Common practice for studies isolating the independent effect of a particular physiological factor (e.g., age) on thermoregulation during exercise is to match groups for peak oxygen uptake ($\dot{\mathrm{V}}{\mathrm{O}}_{\mathrm{2}\mathrm{p}\mathrm{e}\mathrm{a}\mathrm{k}}$) and/or prescribe exercise using relative workloads [14, 25, 39, 40, 48, 72]. The rationale to use such a protocol is based on the original findings of Saltin and Hermansen [73], who demonstrated that exercise at the same %$\dot{\mathrm{V}}{\mathrm{O}}_{\mathrm{2}\mathrm{p}\mathrm{e}\mathrm{a}\mathrm{k}}$ yielded similar core body temperature responses in young healthy individuals, irrespective of aerobic capacity. Later in 1989, Greenhaff [74] also reported smaller changes in core body temperature during exercise at a fixed absolute intensity in young fit ($\dot{\mathrm{V}}{\mathrm{O}}_{\mathrm{2}\mathrm{p}\mathrm{e}\mathrm{a}\mathrm{k}}$: 60-65 ml/min/kg) compared to unfit ($\dot{\mathrm{V}}{\mathrm{O}}_{\mathrm{2}\mathrm{p}\mathrm{e}\mathrm{a}\mathrm{k}}$: 40-45 ml/min/kg) individuals. Similar findings were further observed by Fritzche and Coyle [75] and Gant et al. [76] during exercise at a fixed %$\dot{\mathrm{V}}{\mathrm{O}}_{\mathrm{2}\mathrm{p}\mathrm{e}\mathrm{a}\mathrm{k}}$ in a similar climate (~23°C).
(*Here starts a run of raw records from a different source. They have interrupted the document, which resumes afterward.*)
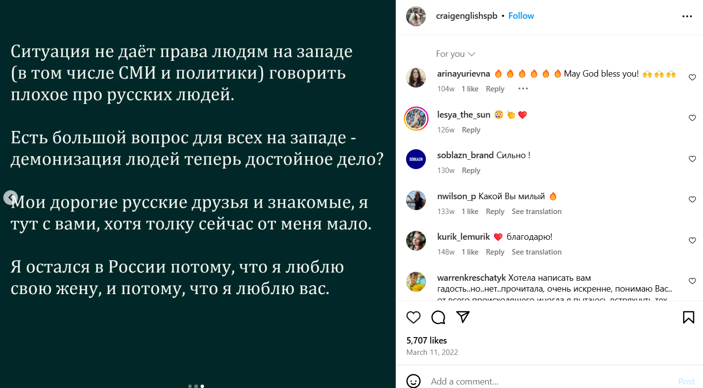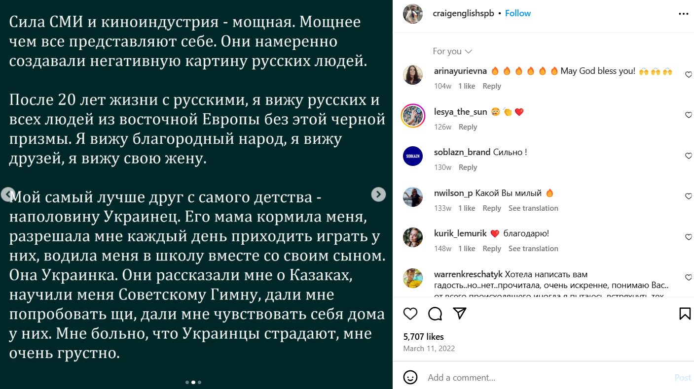А вот его пост от 11 марта 2022 года, через несколько дней после начала войны, где он "хотя и сочувствует украинцам", осуждает "демонизацию русских людей": www.instagram.com
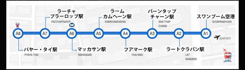 スワンナプーム空港からの電車は、シティラインとエアポートレールリンクが利用できます。私は宿泊するホテルまで、エアポートレールリンクでパヤー・タイ駅まで行き、乗り換え一回でホテルに向かいました。
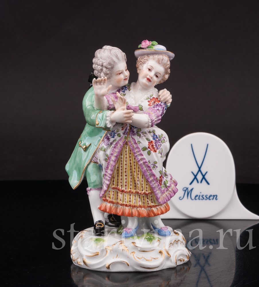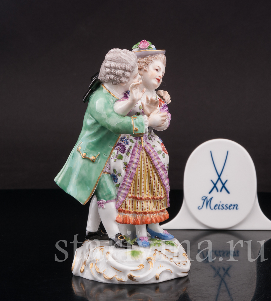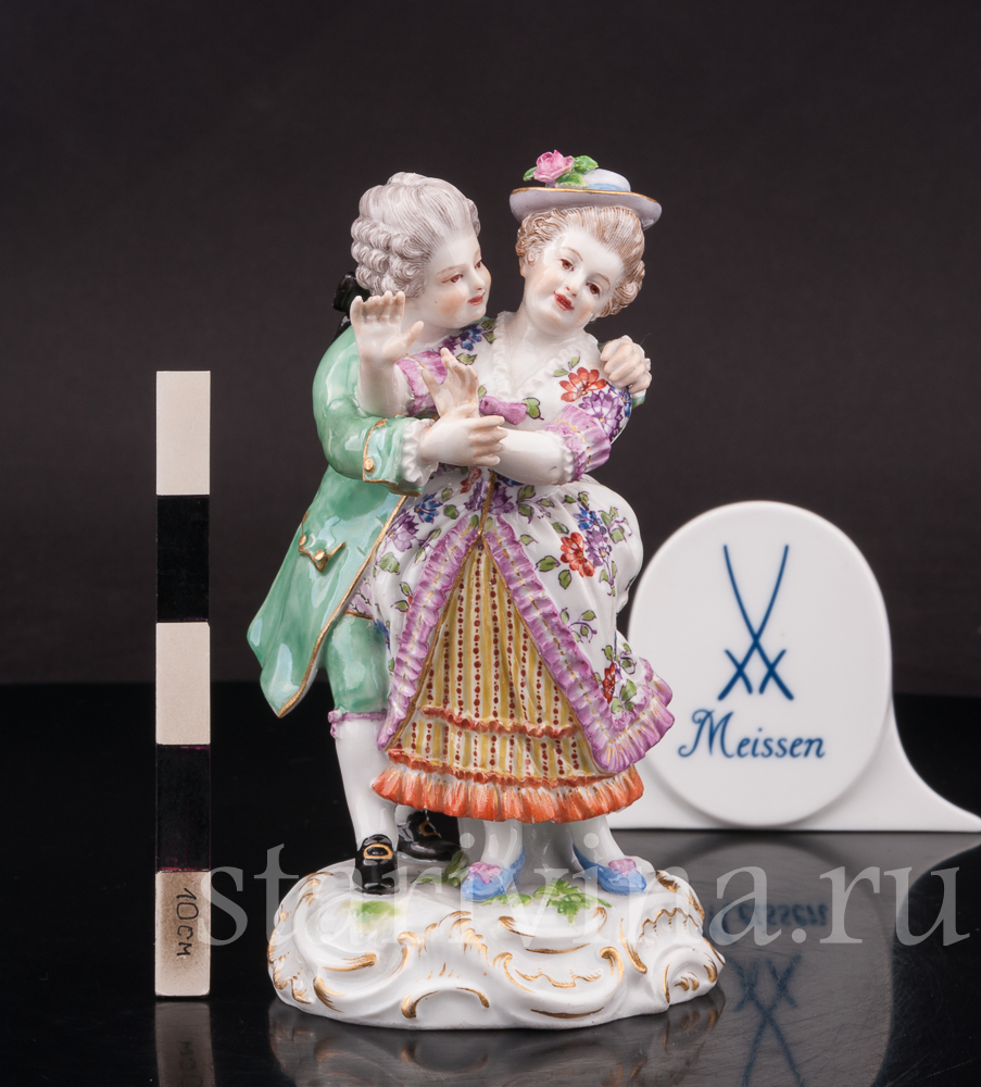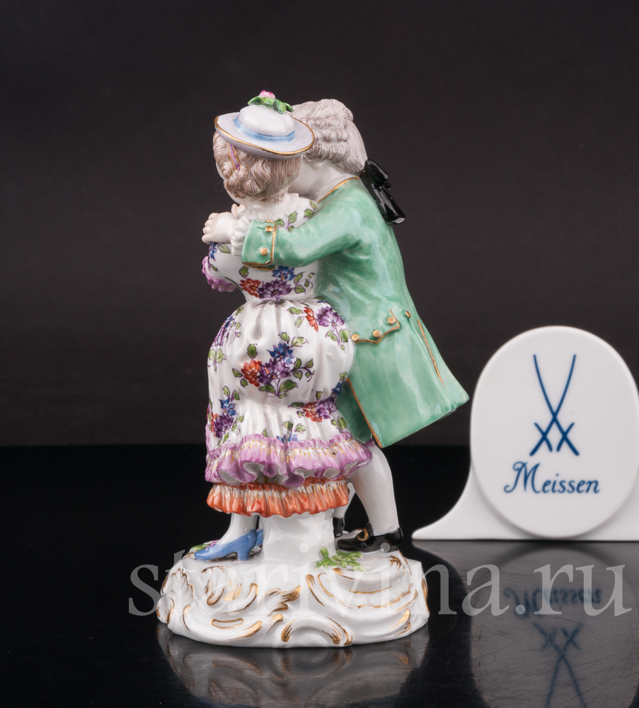Небольшая статуэтка флиртующей пары. Кавалер обнимает свою возлюбленную, а дама притворно и не очень настойчиво пытаться освободится от его объятий. Фигурка выполнена по-мейсенски точно и изящно. Внимание к деталям искусная роспись и высококачественный белый фарфор — всё свидетельствует о высоком мастерстве художников прошлого.

Collectively, these findings have led to the long-held notion that interindividual variability in core body temperature regulation during exercise is eliminated when the exercise intensity is expressed as a %$\dot{\mathrm{V}}{\mathrm{O}}_{\mathrm{2}\mathrm{p}\mathrm{e}\mathrm{a}\mathrm{k}}$ [77].

Over the last 15 years, there has been a paradigmatic shift from the concept that core body temperature is driven according to %$\dot{\mathrm{V}}{\mathrm{O}}_{\mathrm{2}\mathrm{p}\mathrm{e}\mathrm{a}\mathrm{k}}$, to an appreciation that the use of a fixed %$\dot{\mathrm{V}}{\mathrm{O}}_{\mathrm{2}\mathrm{p}\mathrm{e}\mathrm{a}\mathrm{k}}$ protocol leads to different rates of H_prod between independent groups who are not matched for absolute $\dot{\mathrm{V}}{\mathrm{O}}_{\mathrm{2}\mathrm{p}\mathrm{e}\mathrm{a}\mathrm{k}}$ [41, 42]. Accordingly, the participant group with the higher $\dot{\mathrm{V}}{\mathrm{O}}_{\mathrm{2}\mathrm{p}\mathrm{e}\mathrm{a}\mathrm{k}}$ generates a greater level of H_prod during exercise at a fixed %$\dot{\mathrm{V}}{\mathrm{O}}_{\mathrm{2}\mathrm{p}\mathrm{e}\mathrm{a}\mathrm{k}}$. As such, a greater rate of net heat loss is required to offset the greater rate of H_prod elicited by the experimental protocol [29]. Consistent with this suggestion is that greater sweat rates are commonly reported with increasing levels of fitness when exercise is prescribed at a fixed %$\dot{\mathrm{V}}{\mathrm{O}}_{\mathrm{2}\mathrm{p}\mathrm{e}\mathrm{a}\mathrm{k}}$ [40, 78–80]. As such, previous studies that used a %$\dot{\mathrm{V}}{\mathrm{O}}_{\mathrm{2}\mathrm{p}\mathrm{e}\mathrm{a}\mathrm{k}}$ approach might have incorrectly ascribed differences in thermoregulation to the physiological factor that was thought to be isolated/under investigation (e.g., age) [14, 25, 39, 40, 48, 72], when different rates of H_prod and, thus, requirements for heat loss may instead have been accountable.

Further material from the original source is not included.